Start of MATERIALS PROVIDED

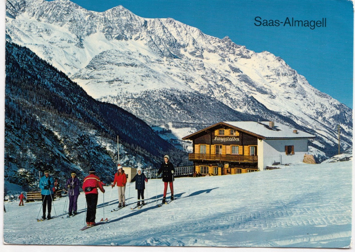 23464 Saas-Almagell, Switzerland, 1973 used Postcard Condition: good to very good, corners and edges slightly worn & creased.
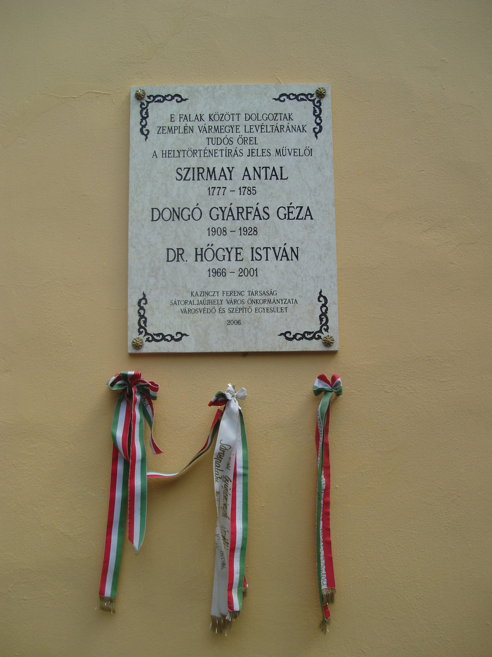 Nyilvános 1040 | 1610 | Sátoraljaújhely, Kossuth tér 5. | A városháza (volt megyeháza) a fő tér hangulatát meghatározó barokk stílusban épült 1754-1768 között. Az épület északi szárnyának emeletén helyezték el Zemplén vármegye levéltárát. Berendezése műemlék: az országban szinte egyedülállóan őrzi a XVIII-XIX. századi "levelestárak" hangulatát. Az épület utcai homlokzatán - Kazinczy Ferencé mellett - ott láthatjuk a levéltár hosszú múltja három jeles alakjának közös emléktábláját. Szirmay Antal (1747-1812) történetíró alakította ki az iratok elhelyezésének logikai rendjét. Ő 1777 és 1785 között dolgozott e falak között. 1908 és 1928 között működött itt Dongó Gyárfás Géza, aki a piarista rendből kilépve állt Zemplén vármegye szolgálatába. Régészettel is foglalkozott, s megírta Sátoraljaújhely történetét. Dr. Hőgye István irodalomtörténész 1966 és 2001 között dolgozott a levéltárban, s feldolgozta nagy elődei itteni működését is. A városháza hivatali időben, a levéltár bejelentkezéssel látogatható. A fénykép 2007 augusztusában készült. Felh. irod.: Látnivalók Borsod-Abaúj-Zemplén megyében. Miskolc, Well-PRess, 2003 http://tokaj-turizmus.wplanet.hu/irodalmiut/_Toc108758785 www.satoraljaujhely.hu/nevezetessegek www.vendegvaro.hu Magyar életrajzi lexikon |
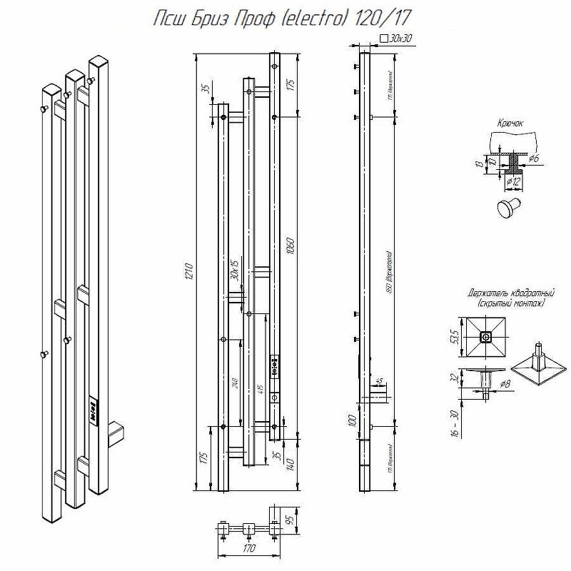 Электрический полотенцесушитель Altasan БризПроф БризПроф12017ЧМ Черный муар 120х17Данный полотенцесушитель имеет два вида подключения: подключение стандартным кабелем с вилкой 220 Вольт и скрытое подключение к заранее подведенной на месте установки проводке. Во втором случае необходимо обжать жилы проводки дополнительными клемниками (идут в комплекте) и подсоединить их к жилам полотенцесушителя, согласно цветовой разметки.
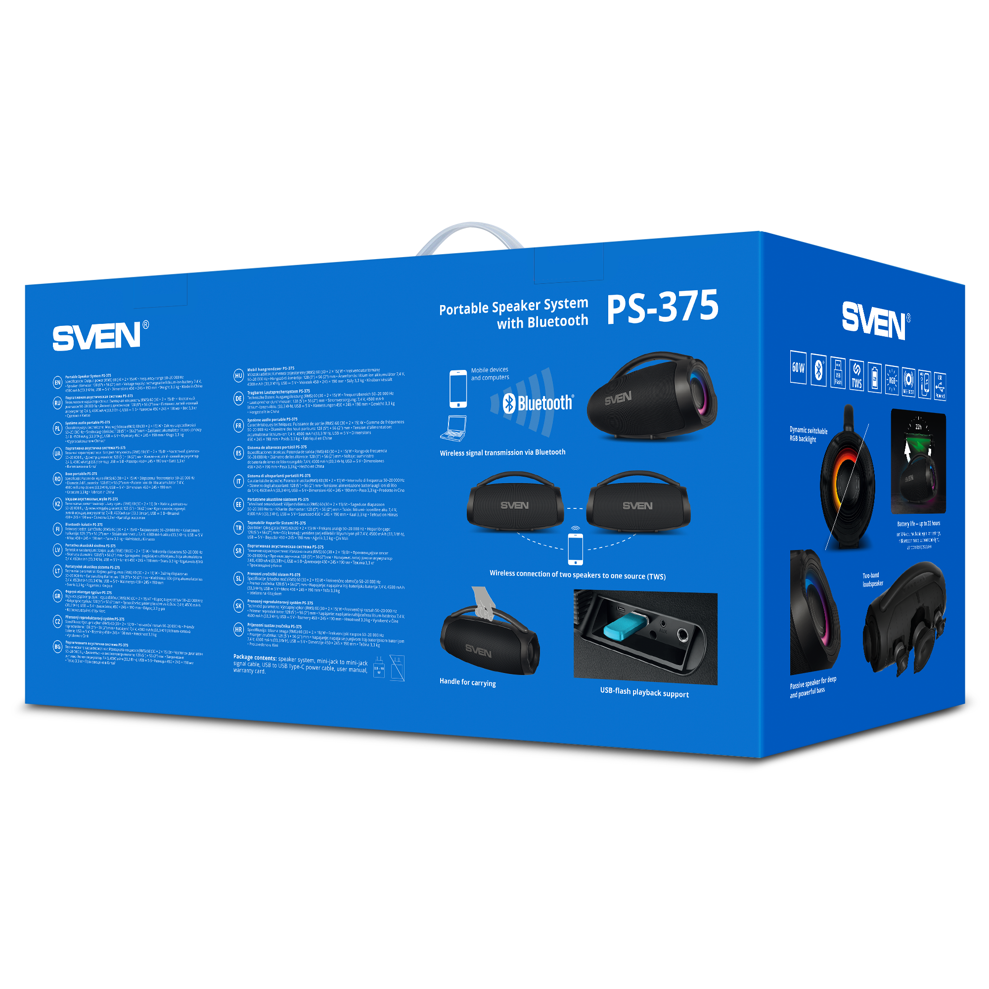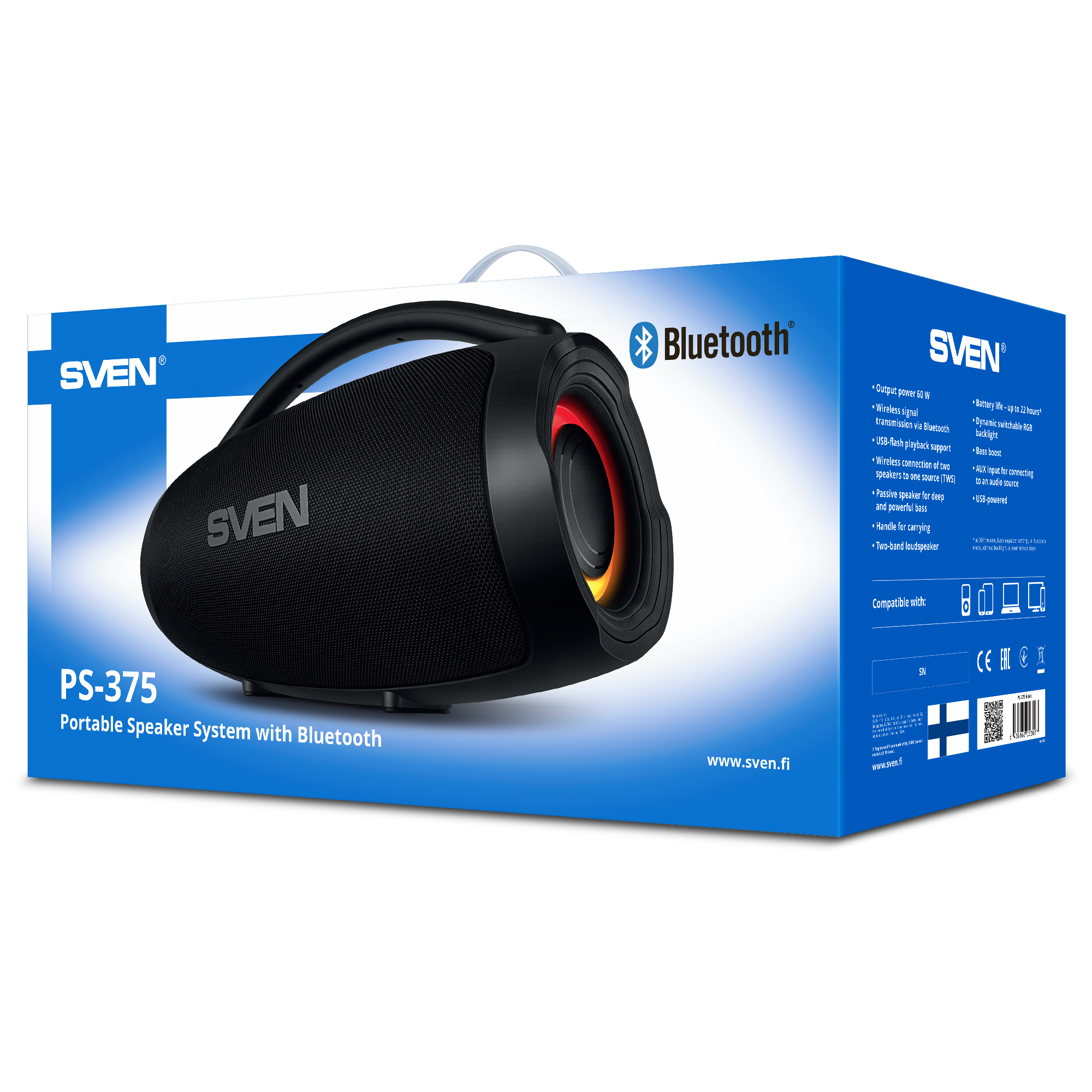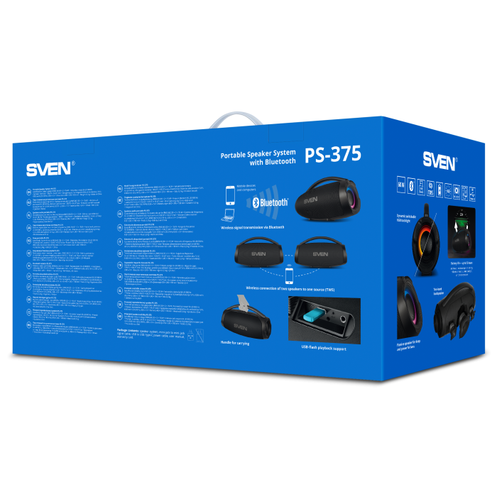 SVEN PS-375 PORTABLE SPEAKER — DEEP BASS AND DYNAMIC RGB LIGHTING
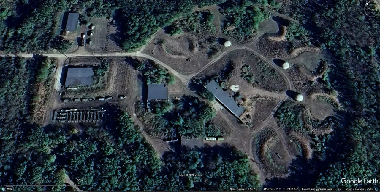 Спутниковый снимок Google Earth: позиция румынского ЗРК С-75М3 к югу от Бухареста. Зенитных ракет на пусковых установках нет. Снимок сделан в марте 2025 года
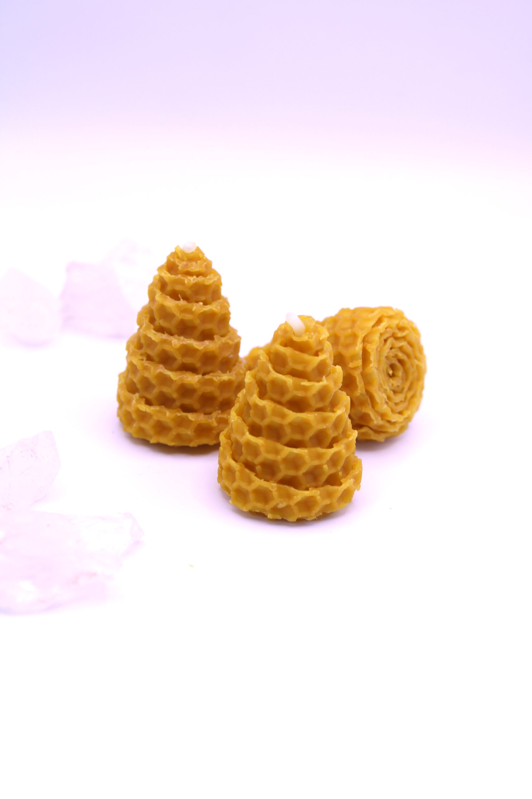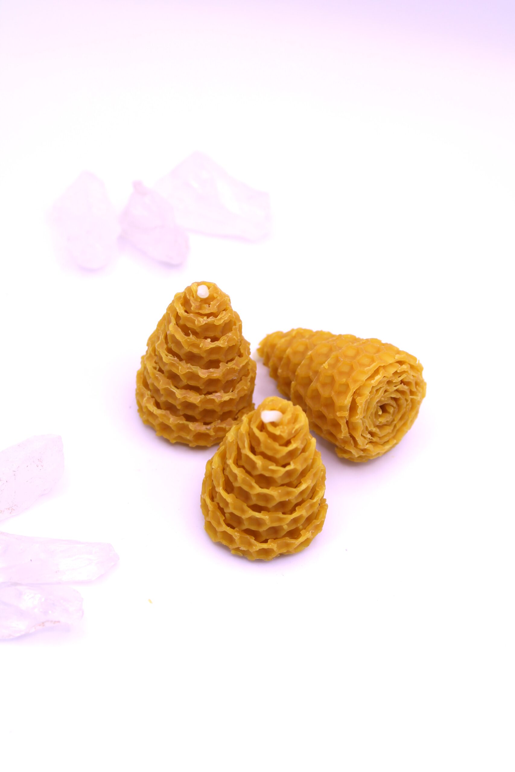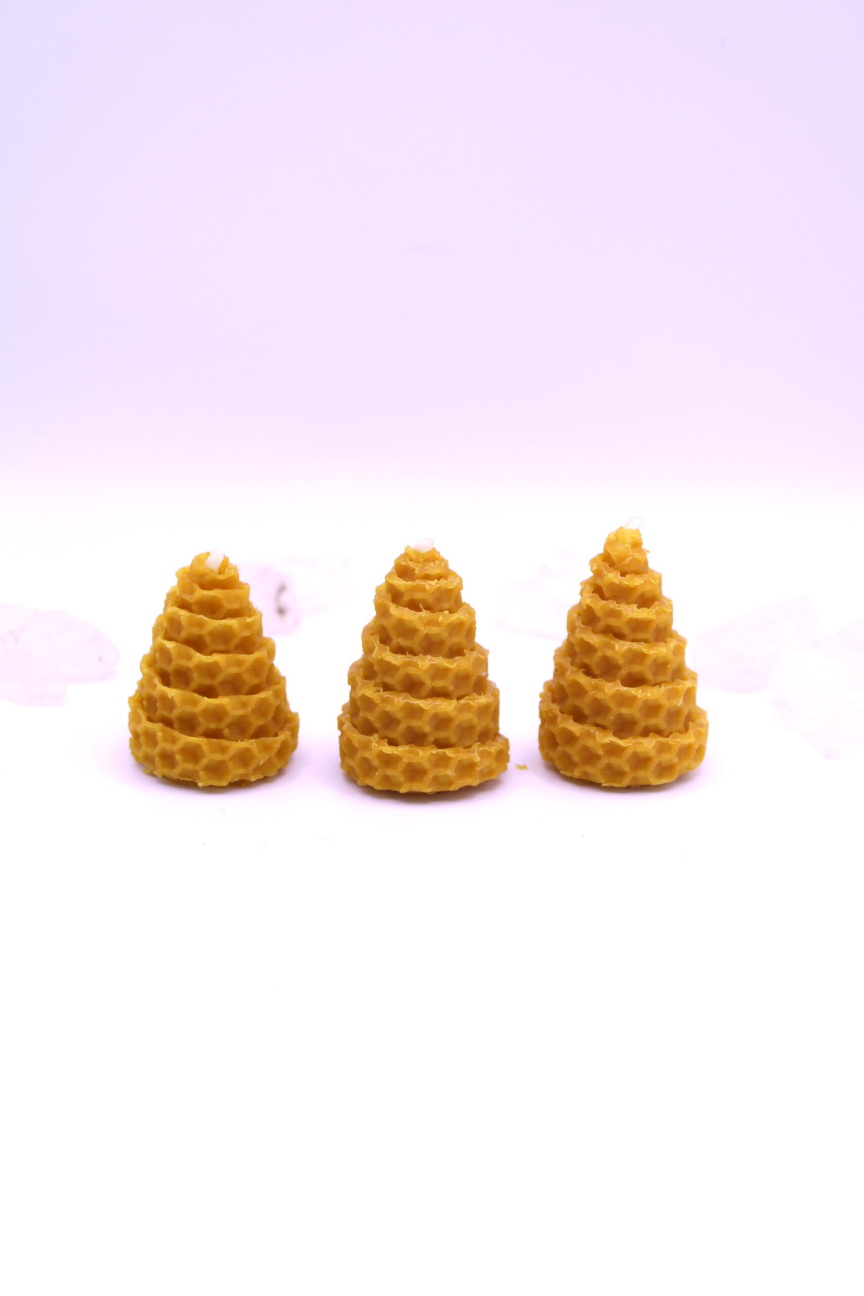 Este pack incluye 3 conitos de miel artesanales, con unas medidas aproximadas de 5 cm de alto y 3 cm de diámetro, elaborados con cera natural. Su forma cónica concentra la energía y simboliza la dirección ascendente de la intención: desde la base firme hacia la manifestación.
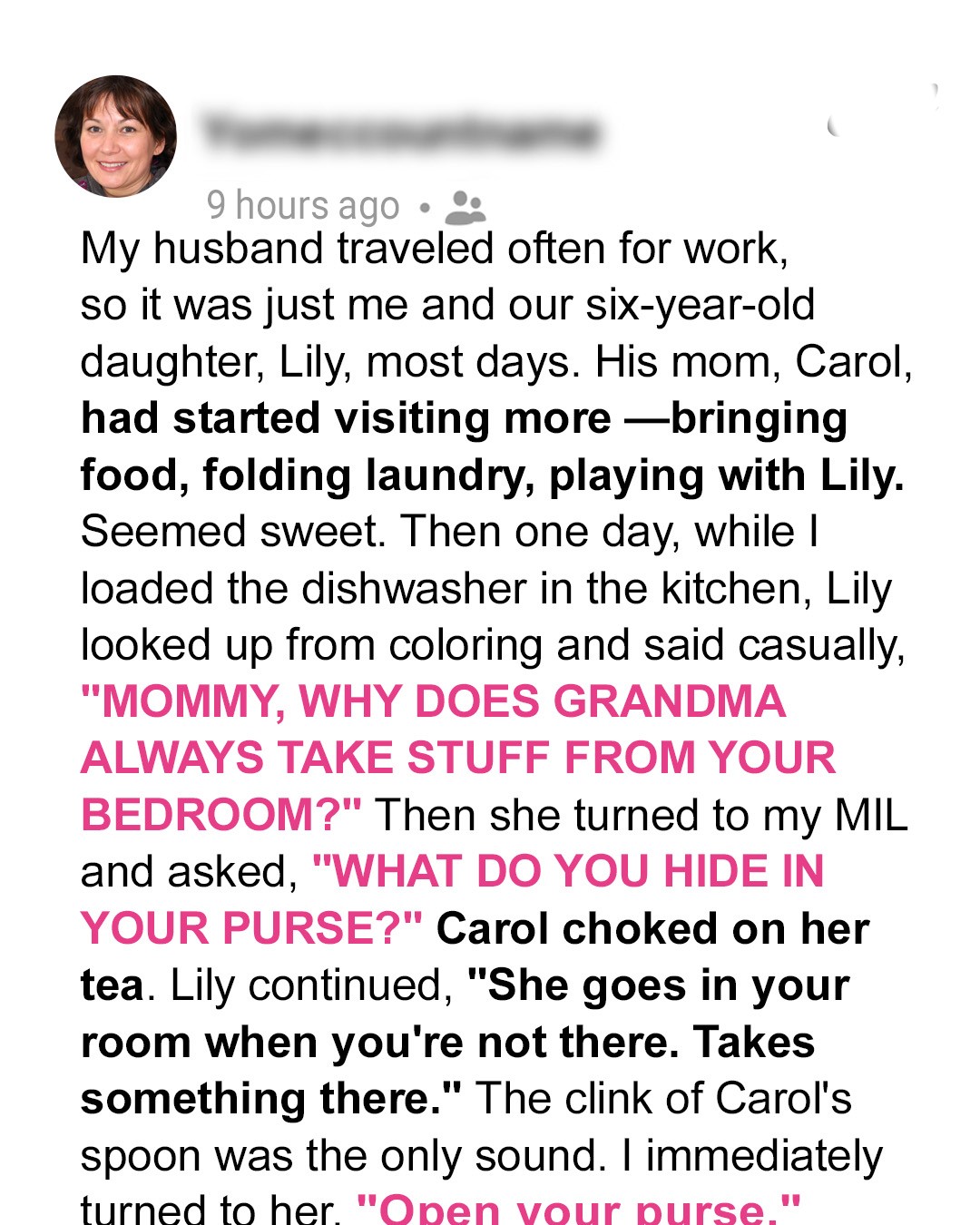 When my six-year-old asked her grandma what she was hiding in her purse, I thought it was just a silly question. But then she said Grandma had been sneaking into my bedroom. What I found inside that bag unraveled everything I thought I knew about my marriage — and my family.This year had already been heavy. James had taken that fancy promotion six months ago and had been splitting his time between cities ever since. He was gone half the week, every week.
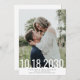 Hochzeit Speichern Sie die Date 12x18 Vertical Card mit einem einfachen, modernen Typografie-Design mit einem großen, dünnen Schriftart-Überlagerungsdatum auf Ihrem Foto, das Sie in die Vorlage hochladen und geben Sie Ihre Namen und den Ort der Hochzeit und das Datum für ein schnelles und einfaches Design, das mit jedem Thema, das Sie später wählen, funktioniert. Hintergrundfarben und Schriftart können nach Ihrem Farbschema bearbeitet werden. Sie können auf der Rückseite weitere Informationen oder zusätzliche Fotos hinzufügen.
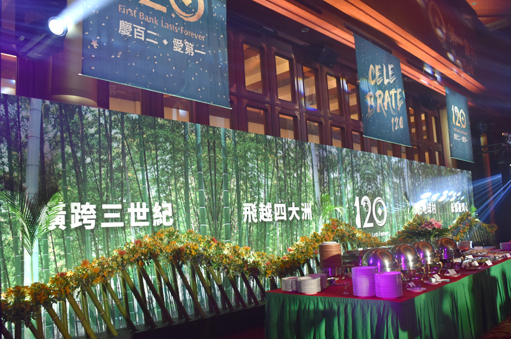 從本土到國際,百年的淬鍊,橫跨三世紀的經驗與服務,第一銀行在成立120周年的當日,於台北圓山大飯店舉辦「第一銀行120周年慶祝酒會」,特別以遍布全台的「竹子」為主題,取其生命力、謙遜及品格為意象,呼應第一銀行「綠色金融,第一品牌」的理念,秉持「顧客至上,服務第一」的初衷,希望能善盡社會責任,陪伴台灣社會、攜手國內外客戶,繼續一同創造更加亮眼的經濟奇蹟。
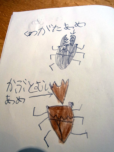 くわがたあめ、 かぶとむしあめ。 もう、飴のグルグル感は既にない。 |
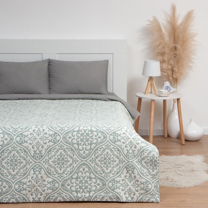 Покрывало хлопковое Этель «Орнамент» 150×240 см, цвет зелёный, 100% хлопок, 300гр/м2
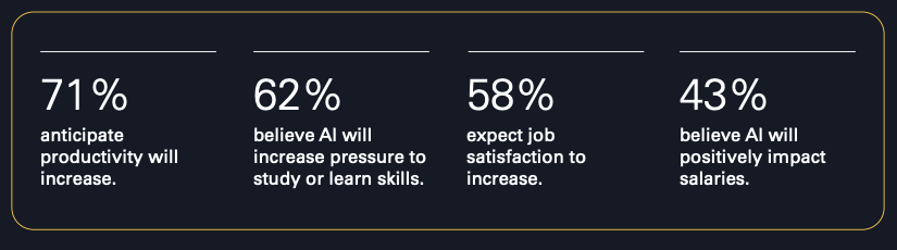 Despite these figures, there is some optimism surrounding AI in the oil and gas workforce. 71% of those surveyed believe that AI adoption will increase productivity, while 62% feel it will increase pressure to learn new skills. 58% expect to experience improved job satisfaction due to AI use, and 43% anticipate salary increases as a result.

End of MATERIALS PROVIDED

** DESCRIPTION OF THE TASK **
Restate each entry verbatim and skip every image.

** ANSWER AREA **
 23464 Saas-Almagell, Switzerland, 1973 used Postcard Condition: good to very good, corners and edges slightly worn & creased.
 Nyilvános 1040 | 1610 | Sátoraljaújhely, Kossuth tér 5. | A városháza (volt megyeháza) a fő tér hangulatát meghatározó barokk stílusban épült 1754-1768 között. Az épület északi szárnyának emeletén helyezték el Zemplén vármegye levéltárát. Berendezése műemlék: az országban szinte egyedülállóan őrzi a XVIII-XIX. századi "levelestárak" hangulatát. Az épület utcai homlokzatán - Kazinczy Ferencé mellett - ott láthatjuk a levéltár hosszú múltja három jeles alakjának közös emléktábláját. Szirmay Antal (1747-1812) történetíró alakította ki az iratok elhelyezésének logikai rendjét. Ő 1777 és 1785 között dolgozott e falak között. 1908 és 1928 között működött itt Dongó Gyárfás Géza, aki a piarista rendből kilépve állt Zemplén vármegye szolgálatába. Régészettel is foglalkozott, s megírta Sátoraljaújhely történetét. Dr. Hőgye István irodalomtörténész 1966 és 2001 között dolgozott a levéltárban, s feldolgozta nagy elődei itteni működését is. A városháza hivatali időben, a levéltár bejelentkezéssel látogatható. A fénykép 2007 augusztusában készült. Felh. irod.: Látnivalók Borsod-Abaúj-Zemplén megyében. Miskolc, Well-PRess, 2003 http://tokaj-turizmus.wplanet.hu/irodalmiut/_Toc108758785 www.satoraljaujhely.hu/nevezetessegek www.vendegvaro.hu Magyar életrajzi lexikon |
 Электрический полотенцесушитель Altasan БризПроф БризПроф12017ЧМ Черный муар 120х17Данный полотенцесушитель имеет два вида подключения: подключение стандартным кабелем с вилкой 220 Вольт и скрытое подключение к заранее подведенной на месте установки проводке. Во втором случае необходимо обжать жилы проводки дополнительными клемниками (идут в комплекте) и подсоединить их к жилам полотенцесушителя, согласно цветовой разметки.
 SVEN PS-375 PORTABLE SPEAKER — DEEP BASS AND DYNAMIC RGB LIGHTING
 Спутниковый снимок Google Earth: позиция румынского ЗРК С-75М3 к югу от Бухареста. Зенитных ракет на пусковых установках нет. Снимок сделан в марте 2025 года
 Este pack incluye 3 conitos de miel artesanales, con unas medidas aproximadas de 5 cm de alto y 3 cm de diámetro, elaborados con cera natural. Su forma cónica concentra la energía y simboliza la dirección ascendente de la intención: desde la base firme hacia la manifestación.
 When my six-year-old asked her grandma what she was hiding in her purse, I thought it was just a silly question. But then she said Grandma had been sneaking into my bedroom. What I found inside that bag unraveled everything I thought I knew about my marriage — and my family.This year had already been heavy. James had taken that fancy promotion six months ago and had been splitting his time between cities ever since. He was gone half the week, every week.
 Hochzeit Speichern Sie die Date 12x18 Vertical Card mit einem einfachen, modernen Typografie-Design mit einem großen, dünnen Schriftart-Überlagerungsdatum auf Ihrem Foto, das Sie in die Vorlage hochladen und geben Sie Ihre Namen und den Ort der Hochzeit und das Datum für ein schnelles und einfaches Design, das mit jedem Thema, das Sie später wählen, funktioniert. Hintergrundfarben und Schriftart können nach Ihrem Farbschema bearbeitet werden. Sie können auf der Rückseite weitere Informationen oder zusätzliche Fotos hinzufügen.
 從本土到國際,百年的淬鍊,橫跨三世紀的經驗與服務,第一銀行在成立120周年的當日,於台北圓山大飯店舉辦「第一銀行120周年慶祝酒會」,特別以遍布全台的「竹子」為主題,取其生命力、謙遜及品格為意象,呼應第一銀行「綠色金融,第一品牌」的理念,秉持「顧客至上,服務第一」的初衷,希望能善盡社會責任,陪伴台灣社會、攜手國內外客戶,繼續一同創造更加亮眼的經濟奇蹟。
 くわがたあめ、 かぶとむしあめ。 もう、飴のグルグル感は既にない。 |
 Покрывало хлопковое Этель «Орнамент» 150×240 см, цвет зелёный, 100% хлопок, 300гр/м2
 Despite these figures, there is some optimism surrounding AI in the oil and gas workforce. 71% of those surveyed believe that AI adoption will increase productivity, while 62% feel it will increase pressure to learn new skills. 58% expect to experience improved job satisfaction due to AI use, and 43% anticipate salary increases as a result.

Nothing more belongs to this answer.